(Task prompt):
Once you find the line with "turn left at", output it and every line after it exactly, through the last line of the listing, but no pictures.

(Data for processing Opens)

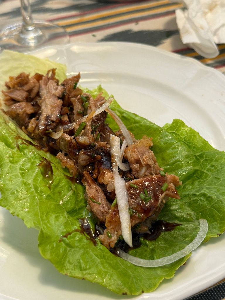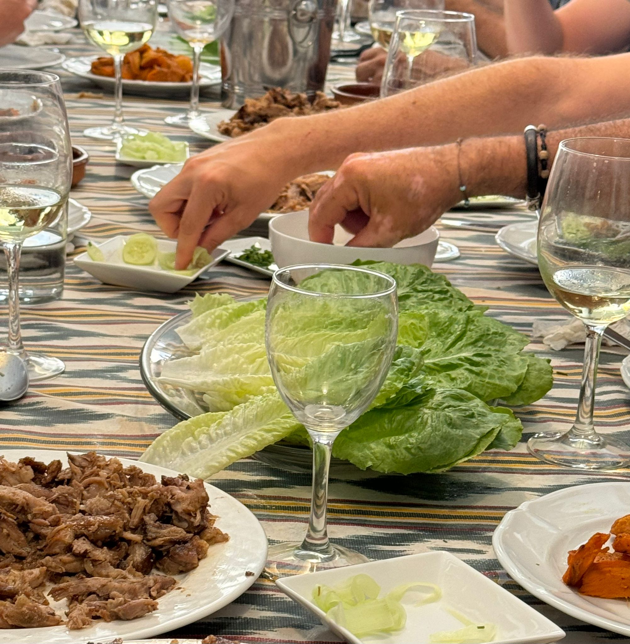 - Lava las hojas de lechuga y sécalas bien. Coloca una porción de carne desmenuzada sobre cada hoja de lechuga.
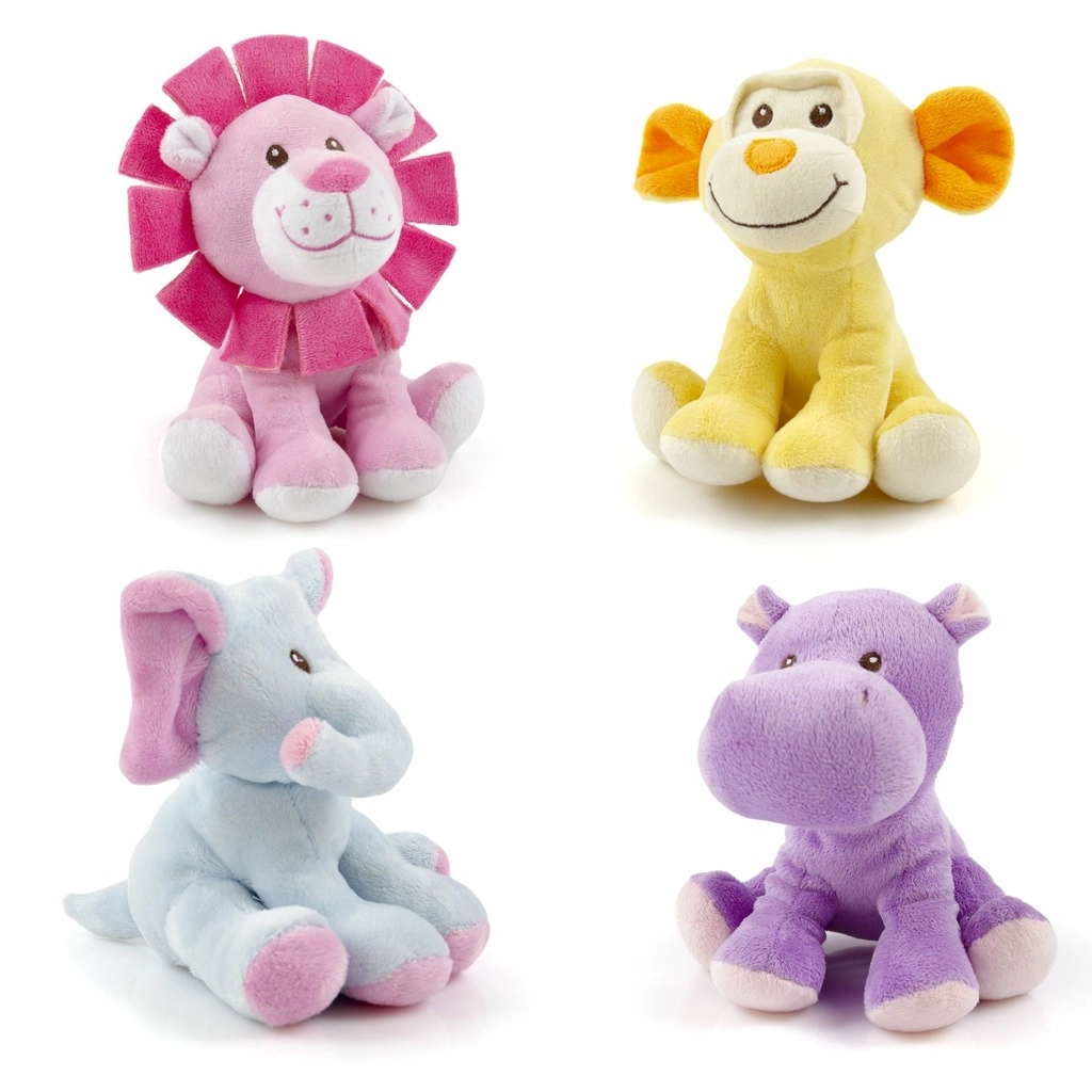 Leone rosa, elefante blu, scimmietta gialla e ippopotamo viola – scegliete un preferito o componete l’intera squadra della giungla.
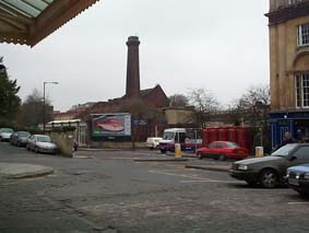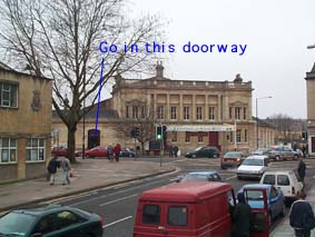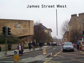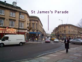 turn left at the Bath City Church (previously the 'Forum' cinema) and walk up St James's Parade (Note the old tramway
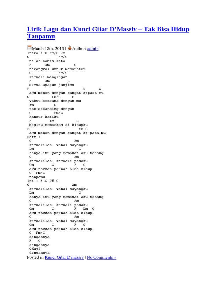 Lyrik Lagu Dan Kunci Gitar Lirik Lagu Dan Chord Gitar D Masiv
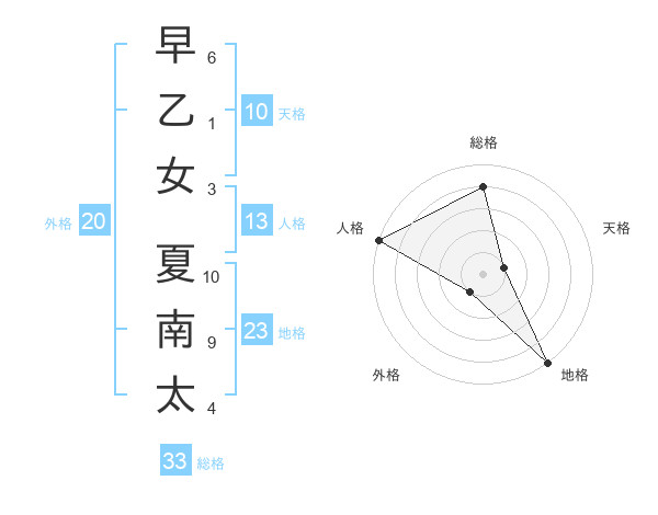 早乙女 夏南太さんを姓名の画数から五運を鑑定

(Data for processing Closes)

(Answer area):
 turn left at the Bath City Church (previously the 'Forum' cinema) and walk up St James's Parade (Note the old tramway
 Lyrik Lagu Dan Kunci Gitar Lirik Lagu Dan Chord Gitar D Masiv
 早乙女 夏南太さんを姓名の画数から五運を鑑定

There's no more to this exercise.